Las poblaciones de Gambusia affinis difieren substancialmente en la depredación de reciennacidos, peso al momento de nacer e intervalo de las gestaciones. Las poblaciones de G. geiseri tambien difieren significativamente, pero a un grado meno, en los mismos tres factores. Las poblaciones de G. nobilis difieren en depredación y peso al momento de nacimiento. Estos factores no son concordantes entre especies y localidades; por lo tanto estas variaciones son basadas en genética, no en medio ambiente. En general G. affinis es menos depredador, tiene crías con menos peso y tiene intervalos de gestación más cortos que G. nobilis, mientras tanto G. geiseri se encuentra entre ambos. Sin embargo, los factores pueden ser reversidos al escoger poblaciones extremas. Data de los intervalos de gestación de seis especies es disponible; estos se extienden de largos a cortos de las especies G. nobilis, G. heterochir, G. gaigei, G. geiseri, G. speciosa y G. affinis. En las misma sequencias, el peso al momento de nacimiento varía de pesado a liviano y las proporciones de depredación varían de mayor a menor. Sin embargo, variación intraespecífica no está correlacionada entre estos factores. Susceptibilidad en la depredación varía similarmente con las crías que son más pesadas al haber menos posibilidad de ser comidos que los son más ligéros. Sin embargo, depredación en las relativamente pesadas pero menos activas crías de Poecilia es la más grande de todas.

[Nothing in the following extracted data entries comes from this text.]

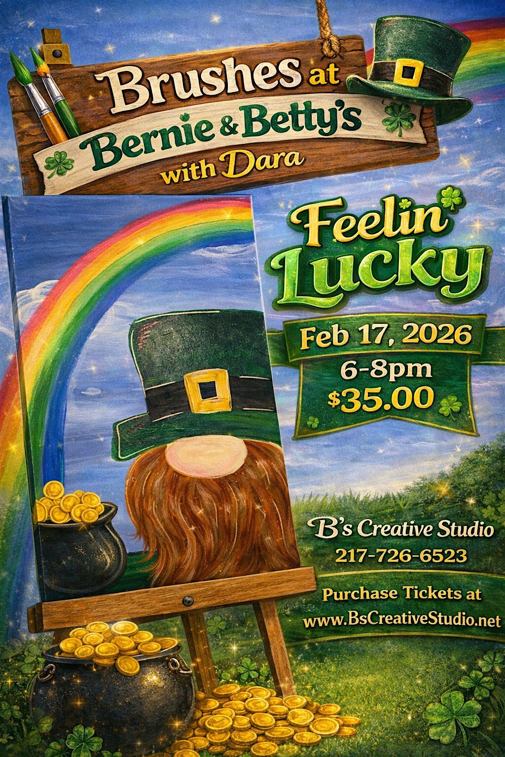 Come join Dara from B's Creative Studio at Bernie & Bettys as she guides you in this fun painting. Grab a friend or two or come alone. This is a fun and laid back class.
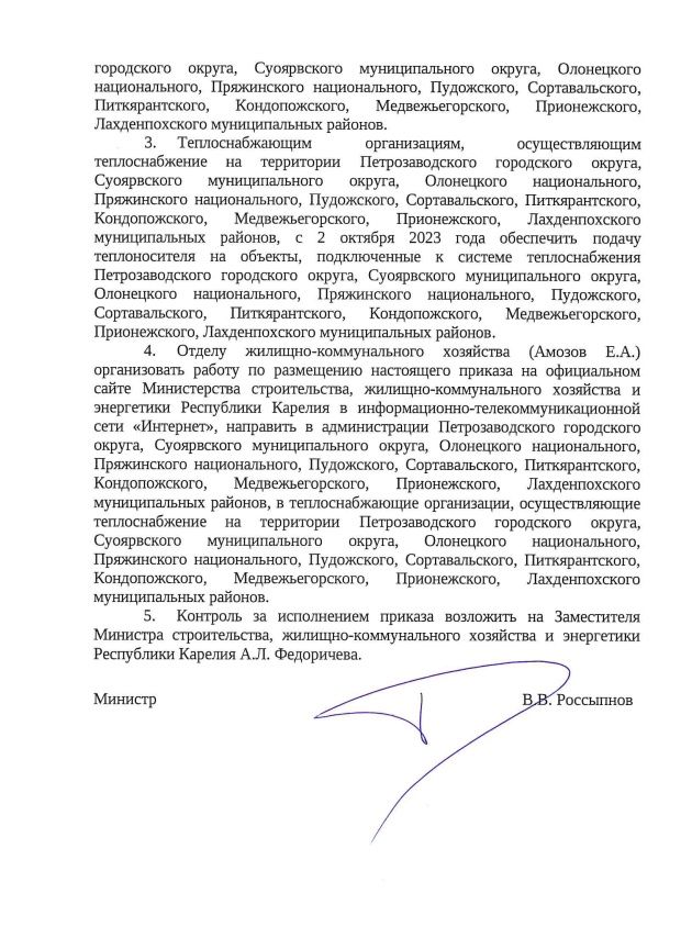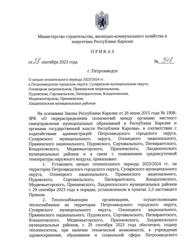 Отопительный сезон в Петрозаводске начнется в пятницу, 29 сентября. Соответствующий приказ подписал сегодня глава Минстроя Карелии Виктор Россыпнов.
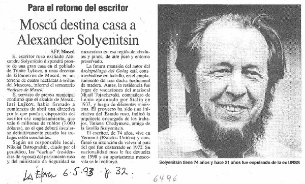 Moscú destina casa a Alexander Solyenitsin [artículo]
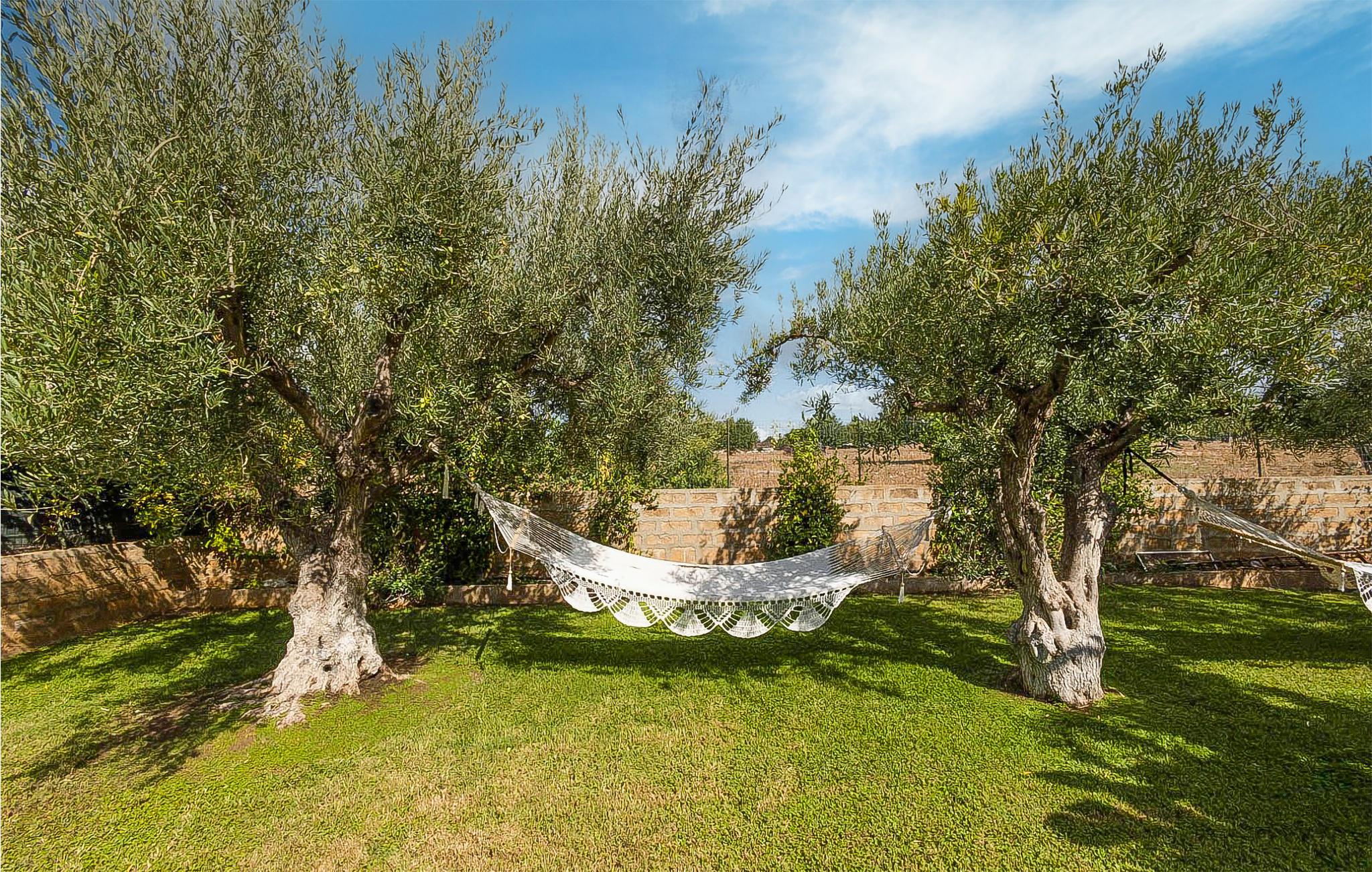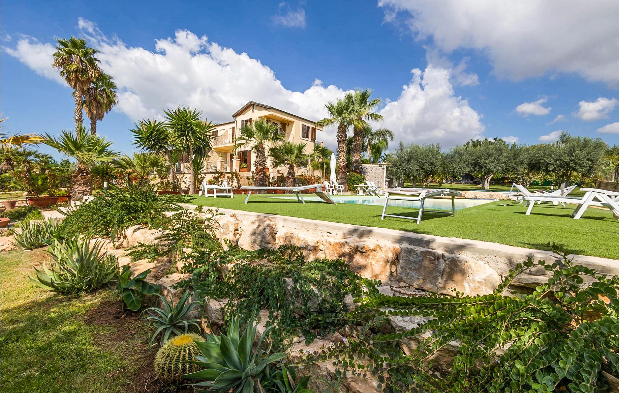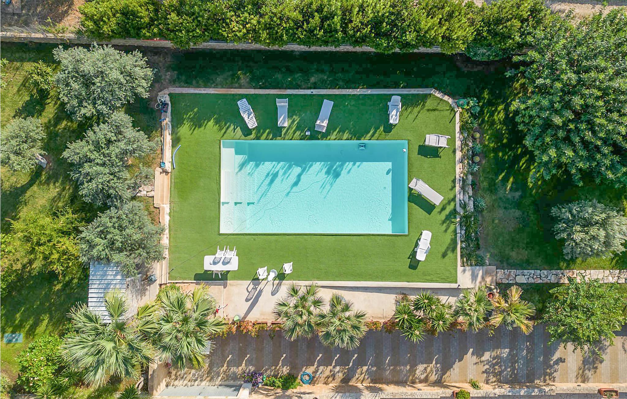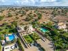 Udenfor omgiver huset en stor terrasse på ca. 150 m², som er udstyret med borde, stole, sofaer og et udendørs køkken / grillplads. Poolen er omgivet af engelsk græsplæne og er omgivet af høje hække for ekstra privatliv. På plænen er der et område for børn med udendørs legesager (rutsjebane, gynge og et lille hus). I resten af ??ejendommen er der citrus træer, frugttræer og karakteristiske palmer.

Traditionally, reports on biological problems emphasize the species studied. Some reports, mostly recent, have demonstrated intraspecific variation of life history traits. The classic lizard studies by Tinkle (1969) have shown that variation correlated with environmental factors such as the latitude at which the stocks lived. A few fish studies (Haskins et al., 1961; Houde, 1988; Foster, 1994; Endler and Houde, 1995; Reznick et al., 1996; Reznick and Bryga, 1996) have shown variation in reproductive or predatory activities. Previously, I have shown that populations of Gambusia affinis vary in predation on congeneric newborns (Hubbs, 1992) that can be called cannibalism (Hubbs, 1991). In this report I expand on those data by using two other life history traits: birth weight of young and time between broods from females isolated from males. I also expand the number of species used for interpopulation comparisons to include Gambusia geiseri and G. nobilis. This report also includes comparable data on one population of G. speciosa, G. senilis, G. longispinis, G. sp., G. heterochir, and G. gaigei. The last three species have (or had) limited geographic ranges and consequently only one population could be used. Six of the species (G. nobilis, G. speciosa, G. longispinis, G. senilis, G. gaigei, and G. sp.) are native to the Chihuahuan Desert and five are listed as endangered by the appropriate federal government (all but the extinct G. sp.).

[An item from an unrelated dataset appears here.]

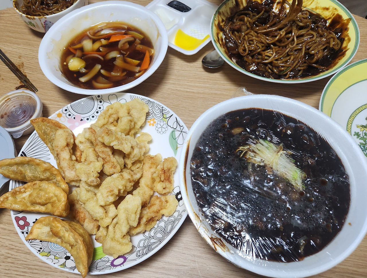 너무 맛있어 보여~~아이들이 내가 해준 음식과들 달리 와구와구 맛나게 먹는다 ㅋㅋ(너무 맛있게 먹는거 아니니) 나도 막상 보니 마음속 동요가 일어난다. 탕수육 딱 한 개만 먹어도 될까.. 짜장면 한 젓가락만 먹었으면...
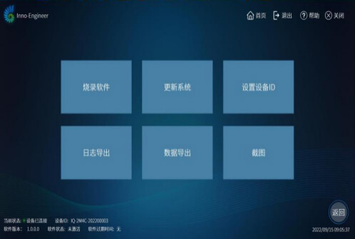 鹦鹉螺工具软件共有六大模块分别为:软件烧录、系统更新、设置设备ID、日志导出、数据导出、截图等。该工具软件主要应用对象为实时荧光定量PCR仪(Inno-Quick-2M4C),方便生产烧录等工作的进行。

Gambusia affinis is widely distributed in the south-central North America. It is used extensively by public health agencies as a biological control for mosquitos. It is possible that some of my populations may have been introduced (one certainly has), but the intraspecific variation in three life history traits suggests limited replacement of native populations by introduced stocks.

Gambusia nobilis occurred in several spring-fed waters in the Pecos valley of West Texas and eastern New Mexico. Presently it occupies two New Mexico areas: Blue Spring and the Bitter Lakes National Wildlife Refuge. It also occurs in two areas in Texas: Diamond-Y Spring and the spring complexes around Balmorhea (Hubbs and Springer, 1957). I have samples from all of these regions except Blue Spring. Two, Bitter Lakes and the Balmorhea complex, have two or more separate populations studied.

G. geiseri occurred in two spring areas in Central Texas: Comal and San Marcos springs. Some time about 1930, stocks were widely released elsewhere in Texas, presumably by public health agencies (Hubbs and Springer, 1957).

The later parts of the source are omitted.